Heavy backpacks might not be a concern of local doctors and parents for too much longer. The Region 16 Board of Education recently approved the adoption of three new Glencoe science books that come with software and access to an interactive website, which provides study tools and resources to students. Though web resources have not yet fully replaced the physical textbook, Region 16 Superintendent Jim Agostine has a vision for the future.
“I anticipate that within a couple of years, textbook companies will somehow figure out an economically feasible way of providing textbooks via an electronic device,” he said. “There’s some of that going on now, but it’s limited. I’m hopeful that down the road, we’ll see more of this.”
Woodland Regional High School Science Department Chairwoman Jill Blasi presented three new science books to the Board of Education at its regular meeting last Wednesday. She emphasized the importance of the software included with the new editions of physics and chemistry books.
Woodland biology teacher Valery Fortney assisted Blasi by telling the board how students use the websites already. She said her students use the site for homework help, self-quizzes and flashcards.
All three books were adopted, and will be ordered for the 2010-11 school year.

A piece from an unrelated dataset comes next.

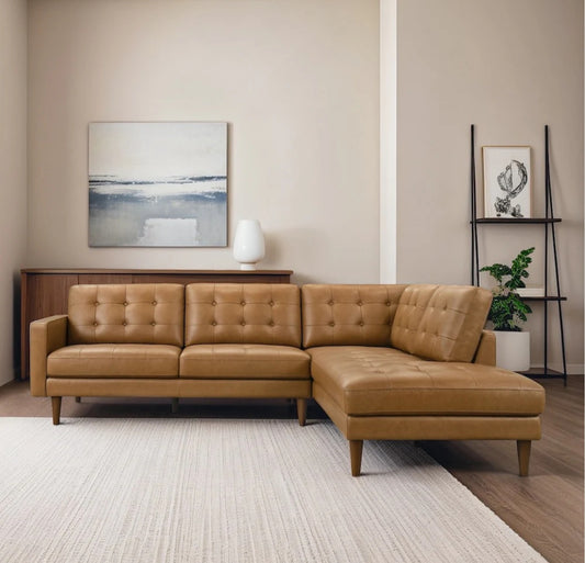 Lucco Cognac Modern L-Shaped Genuine Leather RAF Sectional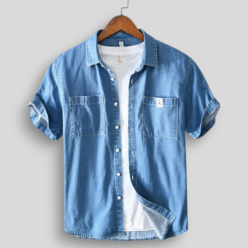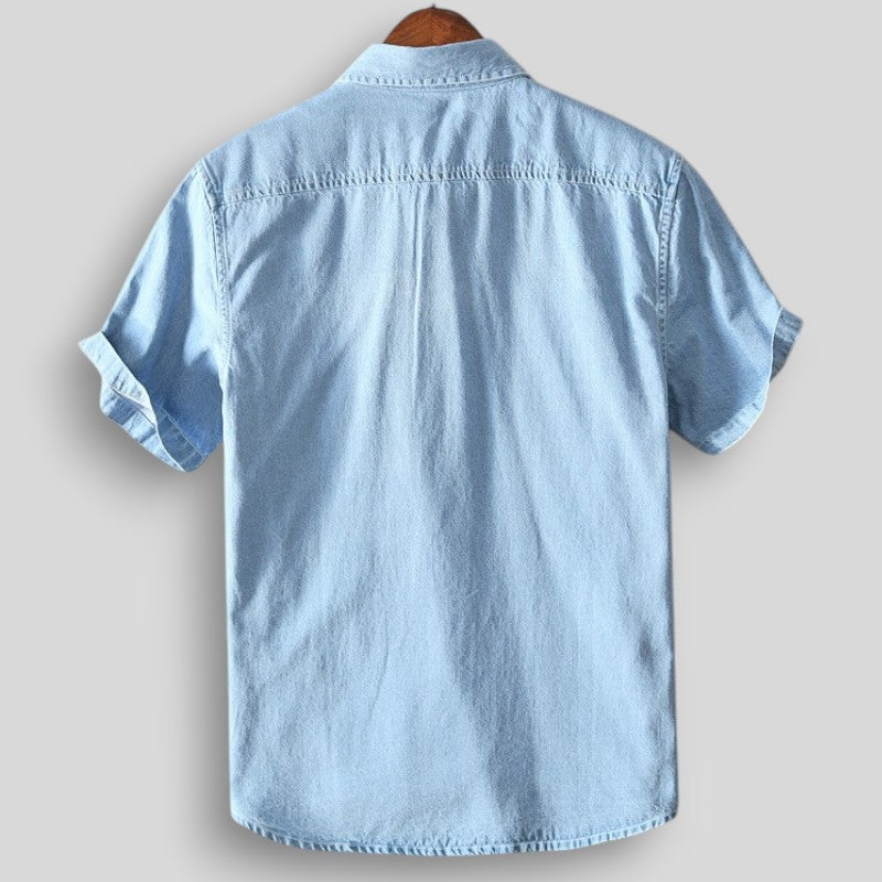 Casualowa męska koszula z krótkim rękawem wykonana w 100% z miękkiej bawełny o denimowym wykończeniu. Idealna na letnie dni – zapewnia wygodę, przewiewność i swobodę ruchów. Klasyczny fason z kołnierzykiem, zapięciem na guziki i dwiema kieszeniami na piersi sprawia, że świetnie sprawdzi się zarówno na co dzień, jak i podczas weekendowych wypadów. Można ją nosić solo lub narzuconą na t-shirt – tworząc stylowy, warstwowy look.

Agostine agreed with the decision. “[Things like that] motivate us to watch for this, and that’s one of the reasons you might want to opt for new text — because you have better resources at a student’s fingertips,” he said in a phone interview last week.
Woodland Principal Dr. Arnold Frank added, “I think it’s a possibility. I think we’re on the verge of all kinds of new ways at looking at things because of what we have available with new technology. I could foresee a time where textbooks are obsolete. I think that time is coming quicker than we can imagine.”
Yet as technology’s impact on classroom learning grows, Agostine worries some students do not have equal access to tech tools outside of school.
“You always have to be conscious of the kids that may not have online capabilities outside school,” Agostine said. “That’s one of the reasons why we provide facilities within the schools for students to access, especially for class work and projects.”
Glencoe’s website provides supplemental materials for over 20 subjects in skill levels ranging from middle school through high school honors and Advanced Placement. Each book has its own webpage with links to chapter reviews, study guides, teacher materials, games and activities to reinforce material covered. According to Agostine, this has the potential to save schools a lot of money on new editions of books in years to come.
“One of the reasons you update textbooks is not just because there’s necessarily new information,” said Agostine. “If you take a history book, for instance, over a five-year period, the vast majority of the book will probably be unchanged, but the delivery mechanisms and supplemental materials may change dramatically.”
Region 16 is not yet in a position to seriously consider the switch to book-free classrooms, despite a recent explosion in the popularity of E-Readers, which allow users to download virtually any text onto one screen, where it can be accessed at users’ convenience.
“We’re not at any kind of implementation stage,” Agostine said. “We’re studying it. We’re looking at it and keeping an eye on the marketplace. If and when such a time occurs, we have that ability.”